For all you ASMRtians out there (no? okay, that’s for another article) imagine it’s like ASMR (Autonomous Sensory Meridian Response), but in your boobs and not your scalp. I think it’s something to do with being completely stretched out in a way that never–and should never–happen at any other time.
Think of it as a chestgasm.
I was in Thailand a few years ago and was told that a real Thai massage was an experience not be missed. So, we signed the whole family up: massages for me, my husband, and two kids. My son and husband got the first time slot, while my daughter and I waited on the spa deck in our soft robes, sipping sweet hot tea and listening to the blue and orange birds sing over the tumbling brook below.
The door opened and my husband and son emerged. They both looked…confused. I gave my husband the raised eyebrow and said, “Well? How was it?” He thought for a moment and said, “It was very…personal.” Personal? Hmm. I checked out my son to see if he was distressed or traumatized, but he just looked amused. Concluding that nothing awful had transpired and that it was safe to proceed, my daughter and I walked in for our massages.
It is fair to say that ‘personal’ was an entirely accurate, yet incomplete, descriptor. Yes, the massage was incredibly personal; the practitioner emotionlessly gets right up in your junk while she is stretching out all of your parts.
Imagine someone doing yoga to you.
Pulling your legs here there and everywhere, contorting your arms hither and fro, twisting you around like a pipe cleaner and then unraveling you again. It was less of a massage and more of being made into bread. And the most astounding part of it all was that, when it was finished, the woman had French braided my hair and I hadn’t even noticed.
We walked out of the room and I felt dazed. It was the oddest combination of euphoria and violation, but the euphoria was totally winning. There was absolutely nothing inappropriate or sexual about it, so the violation was purely a reflection of my own emotional clumsiness to being touched that way.
It made me keenly aware of the hands-off bubble I tend to activate when I’m out and about, and how the leap between belted-and-tucked to Thai massage and mammogram is like the Grand Canyon. Maybe it’s a cultural thing. Maybe it’s a me thing. It’s definitely something. It’s hard not to speculate that the presence of this Grand Canyon might account for some body image issues.

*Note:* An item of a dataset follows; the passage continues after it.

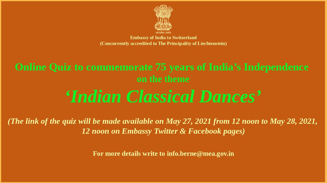 3rd Online Quiz to commemorate 75 years of India's Independence, on the theme 'Indian classical Dances'. Quiz will be open till May 28, 1200 hrs.

It’s tough transitioning from zero to naked with no prep. Just ask anyone currently suing our President.
My doctor might be thinking that reminding me to get my annual mammogram is really just about smart, preventative health care, and it is. But what she doesn’t know is it’s also the closest thing I’ve found to a real Thai massage stateside, and a great reminder that sometimes I have to get out of my comfort zone to get into my comfort zone. I could do without the pit wipes, though.